Records excerpted from a collection:
• • • • • • •

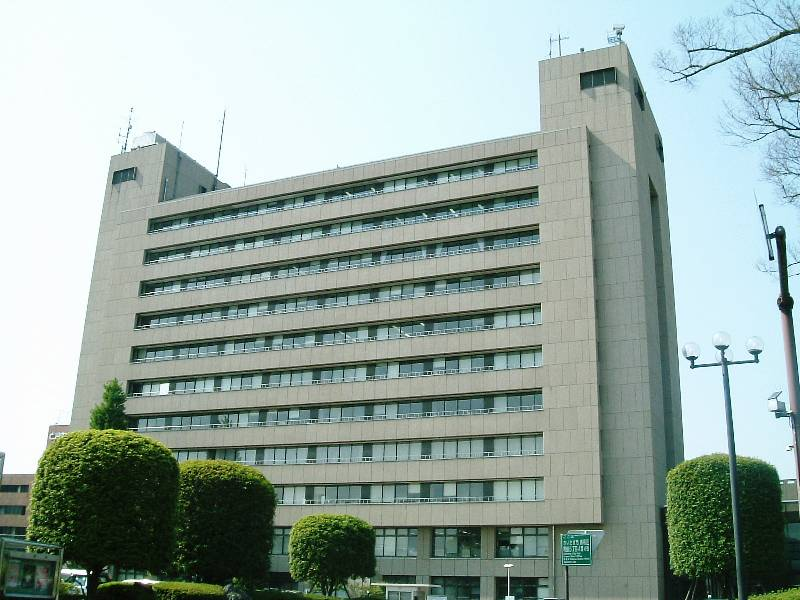 Saitama City Hall, and Urawa ward office
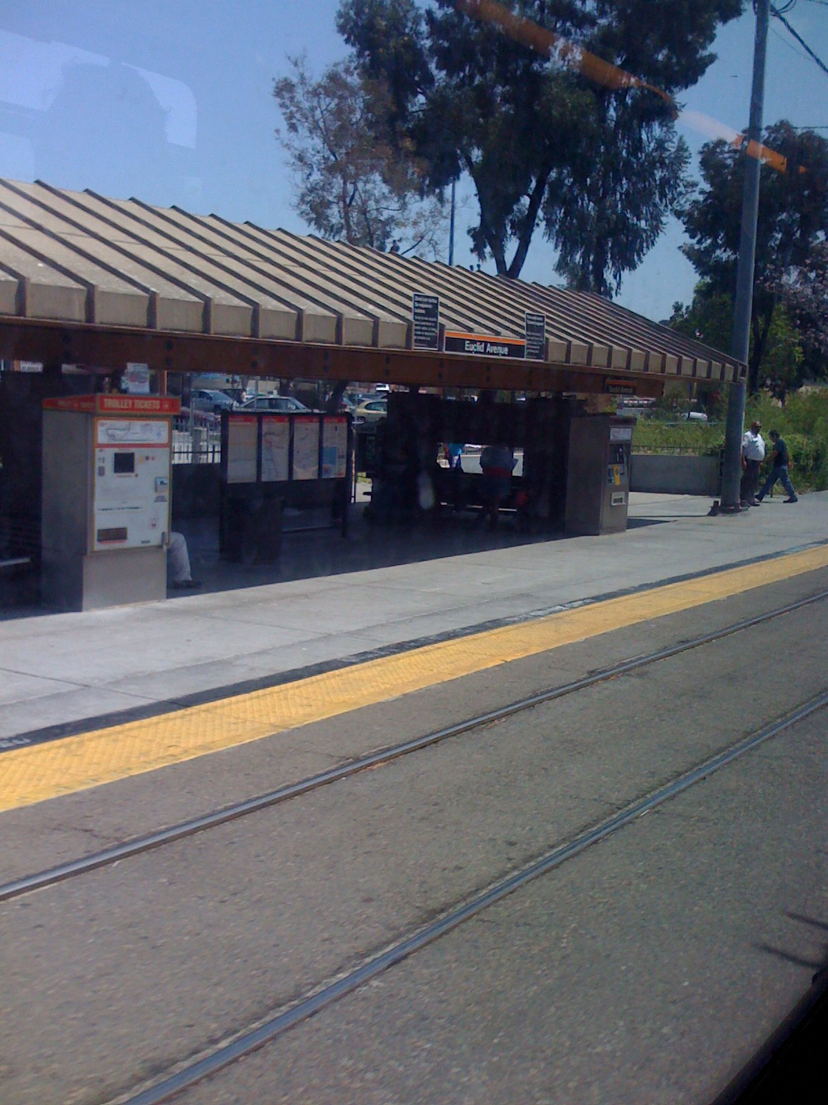 San Diego Trolley Station
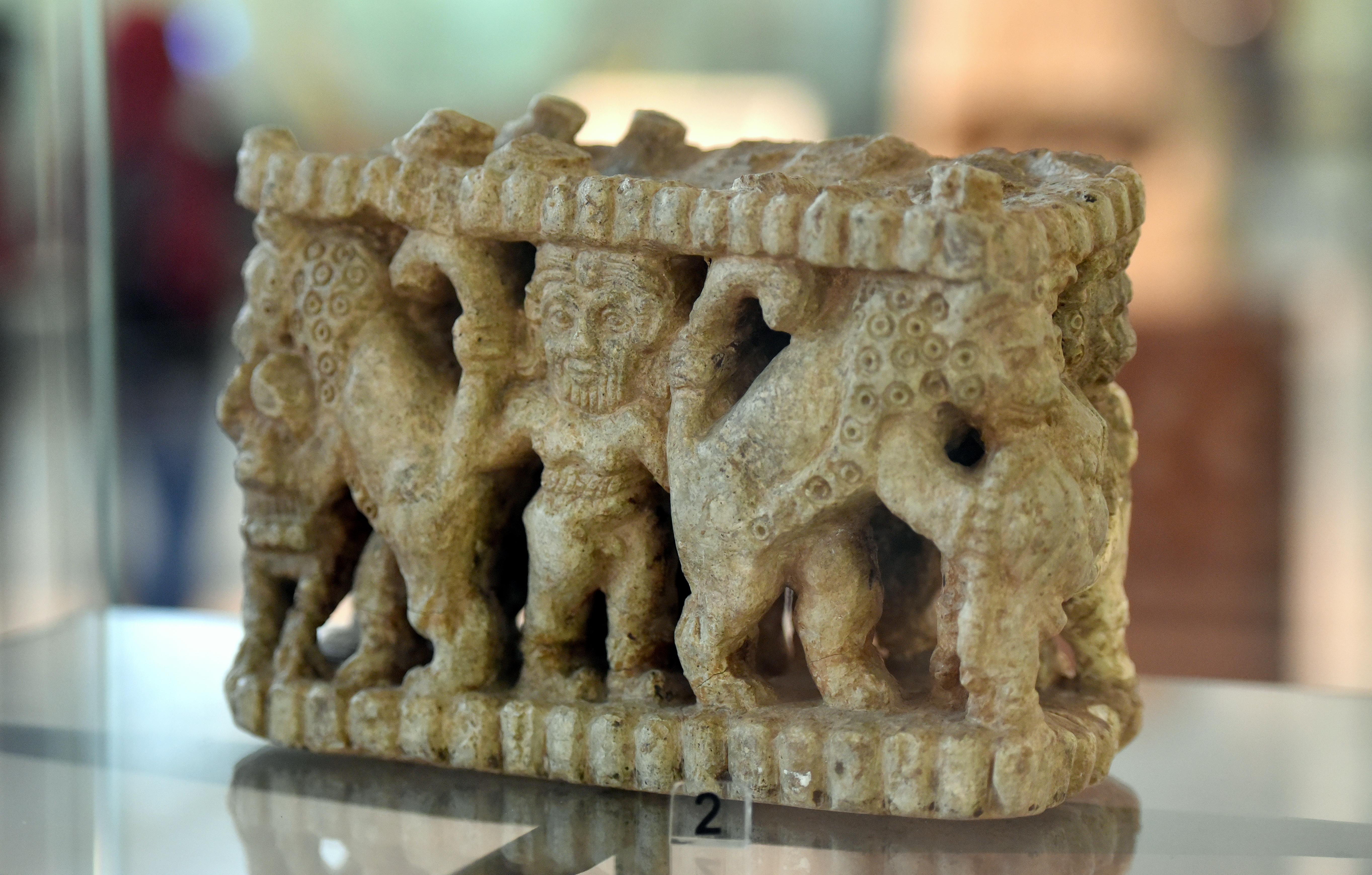 Sculptured vase. This stone piece is carved with a scene depicting Gilgamesh wrestling two bulls. Two lions also appear. From the Shara temple at Tell Agrab, Diyala Region, Iraq. Early Dynastic period, 2600-2370 BCE. On display at the Iraq Museum in Baghdad, Iraq.
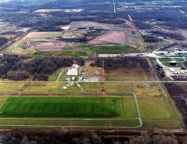 Aerial view of Niagara Falls Storage Site, Lewiston, New York
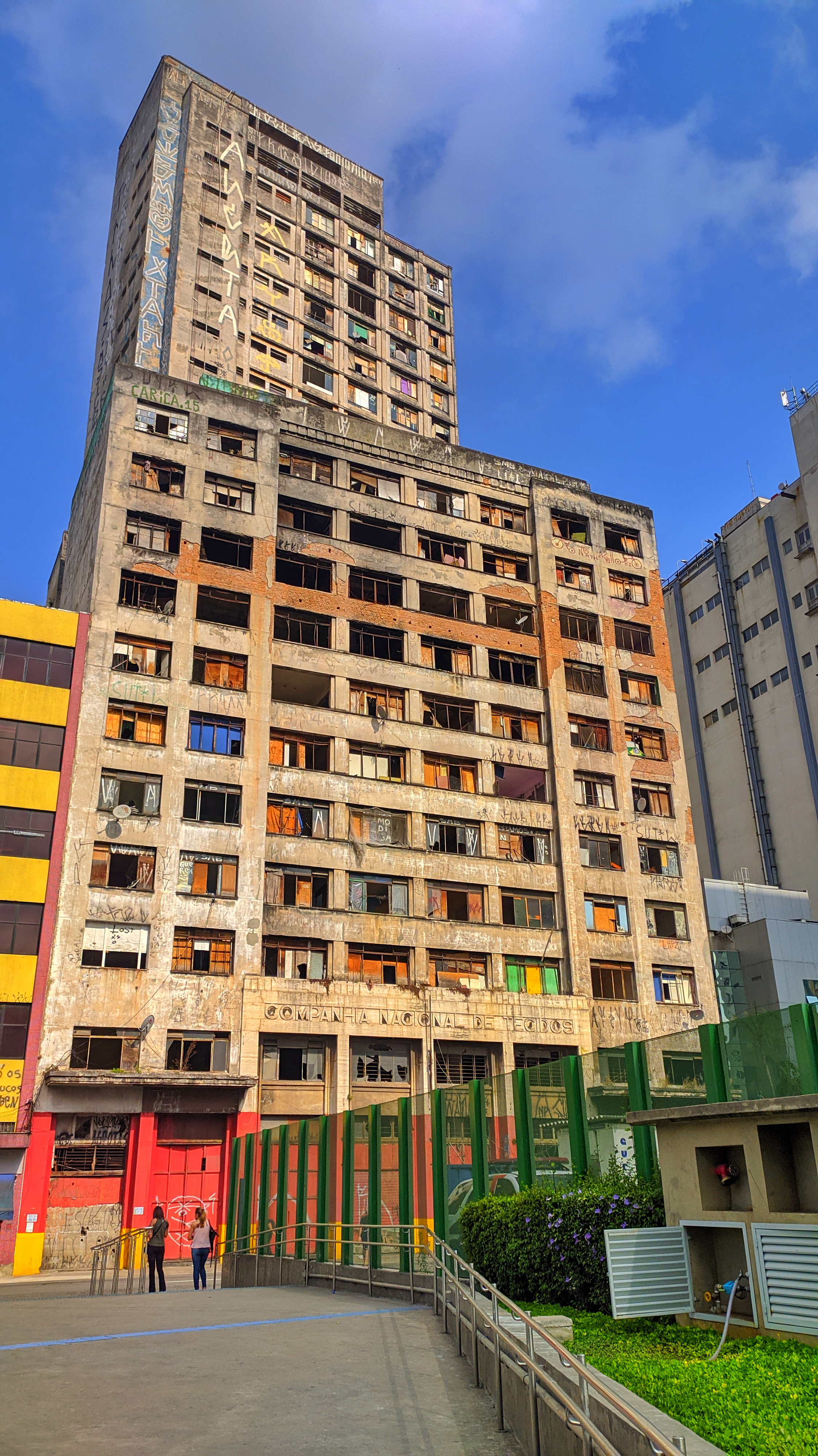 Prestes Maia building, in São Paul downtown.
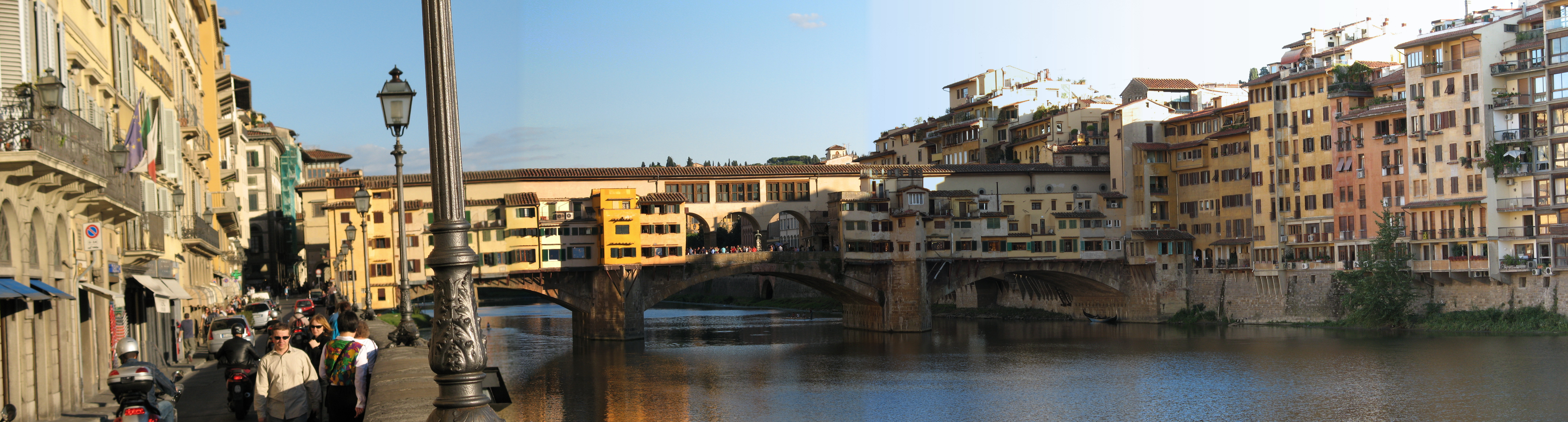 The Ponte Vecchio and the Arno River in Florence, Italy. Photo taken from the north side of the river, facing east.
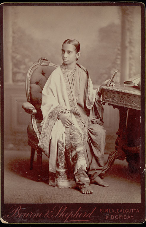 Portrait of Hindu woman from Bombay in costume with cashmere shawl.
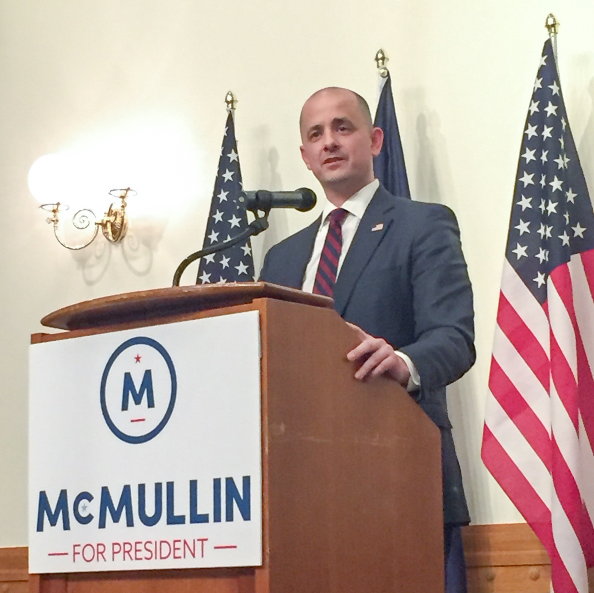 Evan McMullin at Provo rally on October 5, 2016.
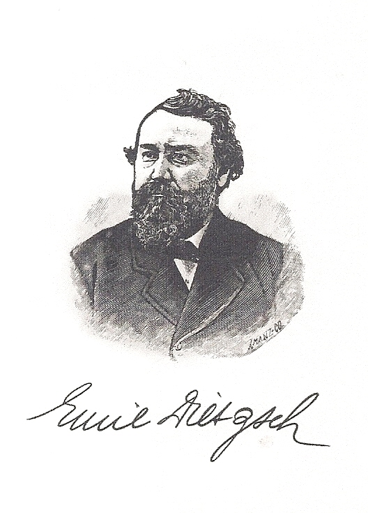 A picture of Emil Dietzsch, a copy from the book Chicagos deutsche Männer - Erinnerungsblätter an Chicagos fünfzigjähriges Jubiläum. Geschichte der Stadt Chicago, 1885, hrsg. von Max Stern und Fred Kressmann
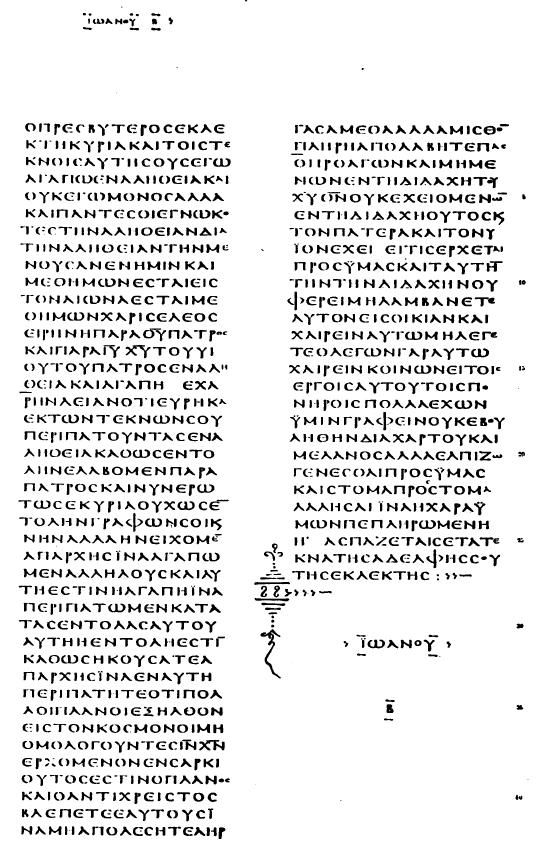 reduced quality scan of scan of scan of 2 John in Codex Vaticanus

• • • • • • •

[Task item]
We ask that the entries above be copied exactly, with the pictures omitted.

[Exercise output]
 Saitama City Hall, and Urawa ward office
 San Diego Trolley Station
 Sculptured vase. This stone piece is carved with a scene depicting Gilgamesh wrestling two bulls. Two lions also appear. From the Shara temple at Tell Agrab, Diyala Region, Iraq. Early Dynastic period, 2600-2370 BCE. On display at the Iraq Museum in Baghdad, Iraq.
 Aerial view of Niagara Falls Storage Site, Lewiston, New York
 Prestes Maia building, in São Paul downtown.
 The Ponte Vecchio and the Arno River in Florence, Italy. Photo taken from the north side of the river, facing east.
 Portrait of Hindu woman from Bombay in costume with cashmere shawl.
 Evan McMullin at Provo rally on October 5, 2016.
 A picture of Emil Dietzsch, a copy from the book Chicagos deutsche Männer - Erinnerungsblätter an Chicagos fünfzigjähriges Jubiläum. Geschichte der Stadt Chicago, 1885, hrsg. von Max Stern und Fred Kressmann
 reduced quality scan of scan of scan of 2 John in Codex Vaticanus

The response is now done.